Parseable is a lightweight, cloud native log observability engine. Parseable is written in Rust and uses Apache Arrow and Parquet as underlying data structures. Additionally, it uses a simple, index-free mechanism to organize and query data allowing low latency, and high throughput ingestion and query.
Parseable consumes up to ~80% lower memory and ~50% lower CPU than Elastic for similar ingestion throughput.
- Deploy anywhere - public or private cloud, containers or VMs or bare metal environments.
- Written in Rust, allows much smaller memory and compute foot print compared to JVM based solutions.
- Indexing free approach, to allow high throughput ingestion, while ensuring low latency for queries.
- Single binary with built-in UI, setup within minutes.
- Log data stored in Parquet format, opens up opportunities for advanced analytics with vast Parquet ecosystem.

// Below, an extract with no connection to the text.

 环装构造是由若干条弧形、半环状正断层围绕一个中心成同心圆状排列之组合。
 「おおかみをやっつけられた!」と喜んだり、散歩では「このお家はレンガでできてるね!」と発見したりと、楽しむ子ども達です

- Choose your own storage backend - local volumes or S3 compatible object store.
- Ingestion API, compatible with HTTP output of log agents. Refer to documentation for more details.

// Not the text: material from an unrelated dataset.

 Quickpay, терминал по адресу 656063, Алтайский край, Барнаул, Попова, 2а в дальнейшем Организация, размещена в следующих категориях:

- PostgreSQL based query for log search and analysis. Use Parseable UI or Grafana data source plugin for visualization.
- Schema free design, allows ingestion of any log format.
- Send alerts to webhook targets including Slack.
- Stats API to track ingestion and compressed data.
Traditionally, logging has been seen as a text search problem. Log volumes were not high, and data ingestion or storage were not really issues. This led us to today, where all the logging platforms are primarily text search engines.
But with log data growing exponentially, today's log data challenges involve whole lot more – Data ingestion, storage, and observation, all at scale.
Parseable aims to address these challenges. Parseable is written in Rust and uses modern advancements in the data ecosystem. It uses an indexing free approach to store logs and query them - with columnar storage formats in memory (Arrow) and on disk (Parquet) to achieve high ingestion throughput and query performance.